考えない練習
 この本は、「考えない練習 」といったタイトルですが、まあ、禅とか、ヴィパッサナー瞑想のような修行法のことです。ブッダの修行法で、最近ではスマナサーラさんや地橋秀雄の著書が目につきます。(この二人の方がおすすめです)

 人間は常々、余計なことばかり頭の中で考えたり、思い出したり心配したりしています。そのため心が落ち着かず、波打っています。たえず不安がつきまとっています。それは余計なことなので、現在の事実のみに目を向けます。現在の回りの状況、騒音、自分の体調、呼吸などだけを意識し続けます。そうすることによって、心に平安が訪れる。顔つきも変わってくる。そんなことだと思います。
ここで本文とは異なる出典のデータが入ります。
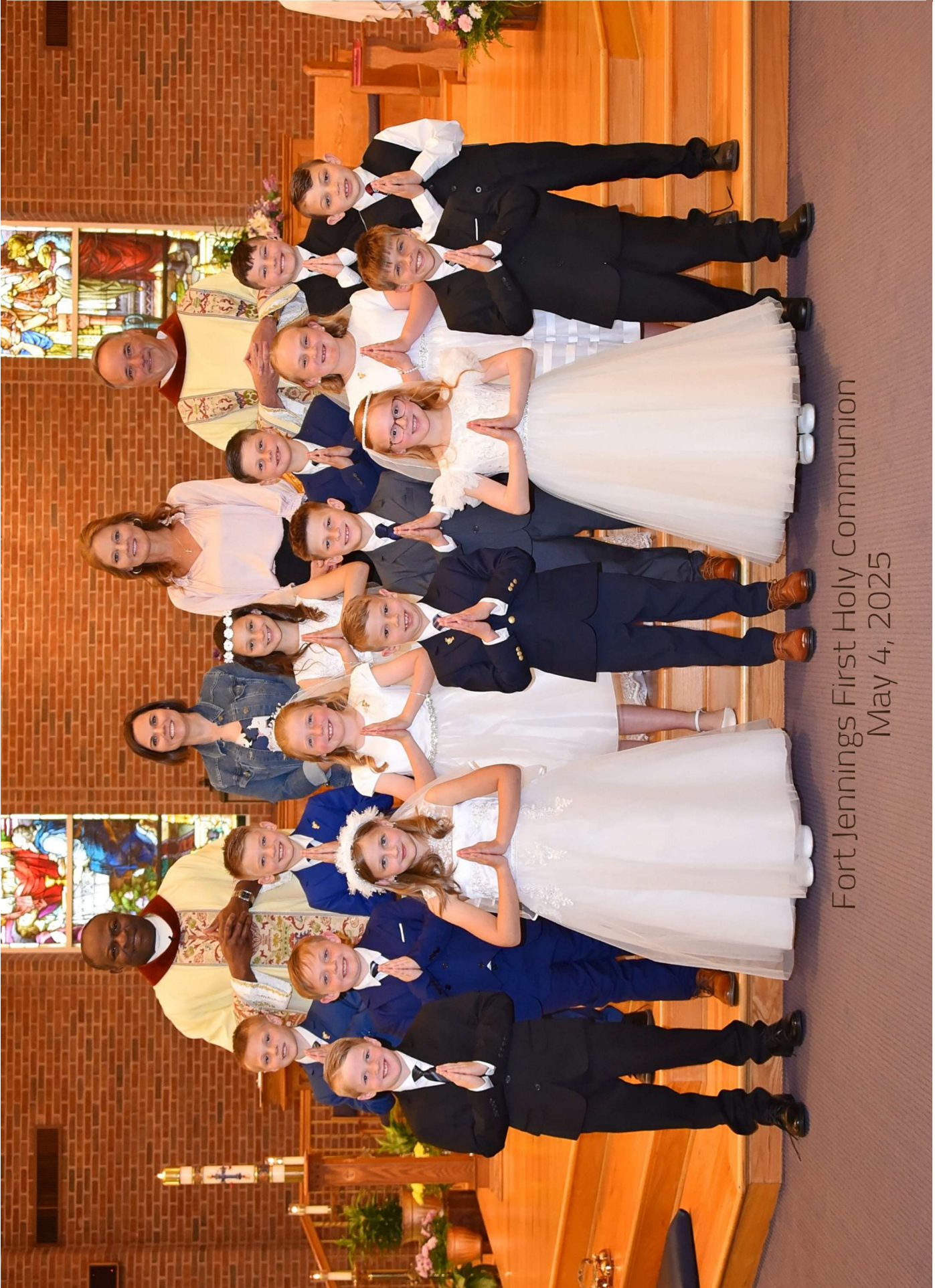
Fort Jennings First Holy Communion May 4, 2025

  「考えない練習」というタイトルなのに、こんなことが書いてあって驚き、考えさせられました。「人間の行動はほとんどが脳の反射によるもので、本当は自由意志なんてないんだ」「反射しかないんだったら、その反射を鍛えればよい」「本人の意識に自由はないけれど、脳に支配されていることを意識することによって拒否権が生まれる」

 浮上してきたのが、「人間に自由な意志はあるのか」問題です。

 先日載せた武田邦彦さんもこう言ってました。「僕は自分には意志がないと思っています。意志がないんだけど、何か今まで経験してきたすべてのことを通じて、たとえばこの瞬間にこの本を開けようと思うわけですよ。思うから開ける。それが自分の意志だと後で思う。行なった後に思う」


 細かく見れば、万物は原子でできています。原子がたくさん組み合わさったからといって、そこに電流が流れたとして、個人の意志が生まれるものでしょうか。現代のスーパーコンピューターでも全くできていません。DNAに組み込まれた生物としての本能が進化すると、意志になるのでしょうか。
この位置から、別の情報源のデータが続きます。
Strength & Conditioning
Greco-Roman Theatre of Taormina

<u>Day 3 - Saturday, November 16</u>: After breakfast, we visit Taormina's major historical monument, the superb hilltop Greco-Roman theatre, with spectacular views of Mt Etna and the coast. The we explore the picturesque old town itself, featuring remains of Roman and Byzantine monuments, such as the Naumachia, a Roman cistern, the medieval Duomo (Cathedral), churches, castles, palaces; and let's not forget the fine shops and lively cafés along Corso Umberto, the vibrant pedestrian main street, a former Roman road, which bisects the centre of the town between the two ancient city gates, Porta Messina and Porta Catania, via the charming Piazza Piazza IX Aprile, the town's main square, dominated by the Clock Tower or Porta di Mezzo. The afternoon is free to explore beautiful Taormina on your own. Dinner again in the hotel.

 人間の体の細胞は、だいたい3ヶ月もすればほとんど入れ替わります。部品をほとんど取り替えたものが、同じものでしょうか。もっと長く考えれば、総取っ替えしていることは明らかです。何十年前の子供の時とは、見かけも頭の中もずいぶん違ってますよね。同じ自分だと思ってますが、これって本当に同じ人間なのでしょうか。体は、洋服のように、取り替えのきくもので、意志は別にあるのでしょうか。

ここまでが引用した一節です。